February 10, 2017

My quirks are not for your entertainment | How quirky gets in the way of diversity

In today's world, there is nothing more important than diversity--accepting people as they are. It is not a choice to include everyone, regardless of race, sexuality, gender, disability, but a duty. Diversity has two main components, inclusion and respect. This is an all-or-nothing game so you cannot claim to respect someone without including them in your lifestyle, art, and literature. The reverse is also true: there is no point in including someone if you misrepresent or diminish their existence and struggles. 

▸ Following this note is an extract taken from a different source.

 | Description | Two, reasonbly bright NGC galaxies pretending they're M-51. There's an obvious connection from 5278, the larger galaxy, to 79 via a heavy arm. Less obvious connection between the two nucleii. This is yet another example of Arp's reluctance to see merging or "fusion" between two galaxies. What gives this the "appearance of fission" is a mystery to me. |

One of the biggest offenders of polluting diversity is inclusion without respect, which can be seen in the sudden influx of "quirky" YA characters. There are a lot of characters who have some kind of defining characteristic that is not normal, therefore, it is a quirk. 

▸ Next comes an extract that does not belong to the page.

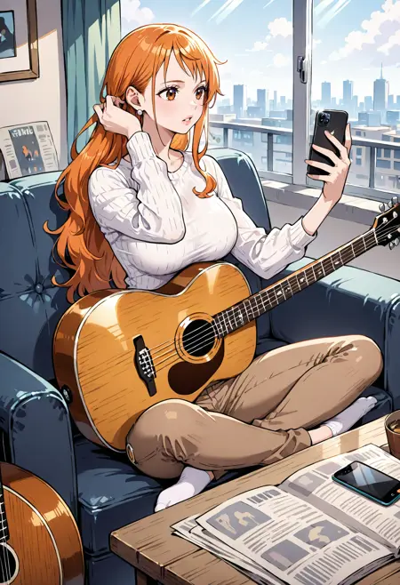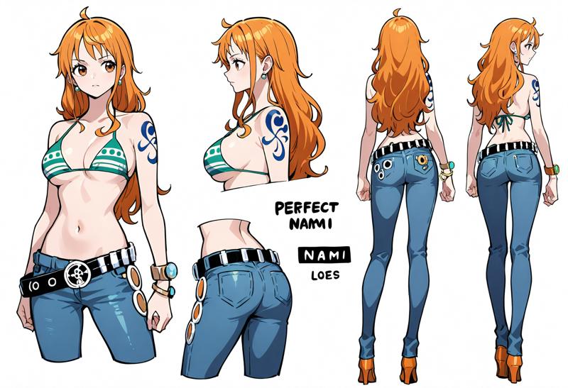 Draft outfit: 1girl, breasts, swimsuit, bikini, tattoo, jewelry, pants, long hair, jeans, denim, bikini top only, orange hair, earrings, belt, blue pants, bracelet, shoulder tattoo, large breasts, brown eyes, collarbone, striped bikini, striped, bangs, bare shoulders, green bikini, underboob, medium breasts, arm tattoo, bangle, orange eyes, ahoge, sidelocks, black belt

Many books nowadays are trying to pass off quirks and "cute" abnormalities as diversity. They take a complicated, complex, and meaningful topic like depression or suicide, and then trivialize the meaning by making it a "quirk" instead of a real issue.

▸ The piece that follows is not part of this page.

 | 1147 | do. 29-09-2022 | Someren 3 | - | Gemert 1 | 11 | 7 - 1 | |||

The most common example is the diminution of Obsessive Compulsive Disorder (aka OCD). There is a misconception that anyone who has the tendency make things nice and neat has OCD. We frequently tell people that they are "completely OCD" if they like to organize or clean. But just because you like having a clean room does not automatically diagnose someone with OCD. In order to have OCD, you have to display a variety of symptoms which disorder your life in a major way. OCD is not an occassional quirk, even though it may seem like it in today's pop culture. 

This issue has even gone to the extreme of wanting quirks in order to be special. Most notably, Jennifer Lawrence told Jesse Eisenberg on The Tonight Show that she wanted a quirk after he explained his OCD tendencies. You can watch the interview here. 

For a more personal example, I sometimes have trouble with speaking. I tend to stumble over my words and stammer quite a bit. In real life, this is quite annoying and one of my worst habits. Every day, I wish that I could just get my words out without the frequent stops and backtracks. But, in a YA book, this would be seen as a "cool feature" of my character that can "make me stand out from the crowd." In short, my habit that causes me embarrassment and stress would be glorified into a "quirk" to attract potential love interests. 

This reversal of bad habits and, sometimes even serious conditions, is a roadblock on the quest for diversity in YA. As long as OCD, depression, and other serious problems are seen as cute quirks, then diversity will be barred from the genre.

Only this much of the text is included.